*SUPPLIED MATERIAL*
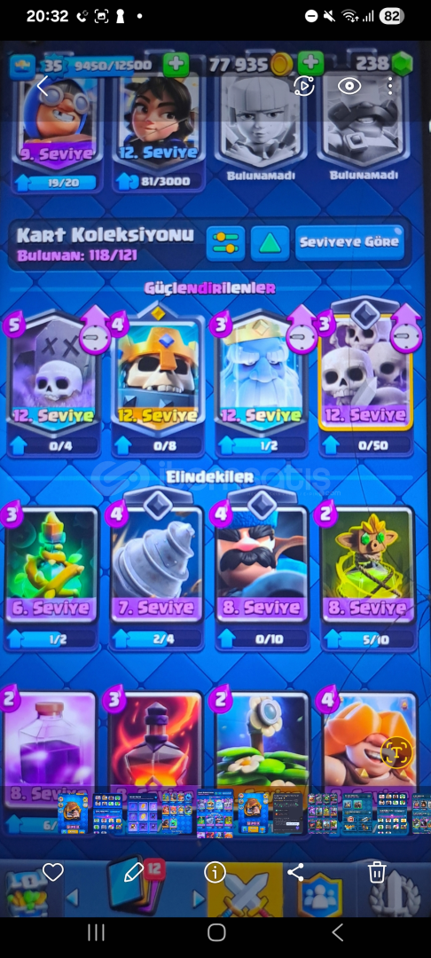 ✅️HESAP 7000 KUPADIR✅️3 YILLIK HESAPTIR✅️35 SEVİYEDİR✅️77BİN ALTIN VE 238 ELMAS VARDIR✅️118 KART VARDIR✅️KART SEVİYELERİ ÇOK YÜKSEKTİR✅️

--

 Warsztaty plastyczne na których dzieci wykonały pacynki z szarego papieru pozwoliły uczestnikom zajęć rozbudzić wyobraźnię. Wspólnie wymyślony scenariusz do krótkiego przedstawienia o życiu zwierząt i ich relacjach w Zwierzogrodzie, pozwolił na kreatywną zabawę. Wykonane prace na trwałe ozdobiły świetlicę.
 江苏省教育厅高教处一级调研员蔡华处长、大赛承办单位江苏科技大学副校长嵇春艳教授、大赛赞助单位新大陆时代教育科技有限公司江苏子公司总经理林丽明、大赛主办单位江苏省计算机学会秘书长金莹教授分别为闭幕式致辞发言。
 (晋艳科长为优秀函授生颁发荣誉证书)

*PROBLEM TO SOLVE*
Of the lines above, output exactly those from the line bearing "江苏省教育厅高教处一级调研员" through the line bearing "(晋艳科长为优秀函授生颁发荣誉证书)", inclusive.

*WRITTEN REPLY*
 江苏省教育厅高教处一级调研员蔡华处长、大赛承办单位江苏科技大学副校长嵇春艳教授、大赛赞助单位新大陆时代教育科技有限公司江苏子公司总经理林丽明、大赛主办单位江苏省计算机学会秘书长金莹教授分别为闭幕式致辞发言。
 (晋艳科长为优秀函授生颁发荣誉证书)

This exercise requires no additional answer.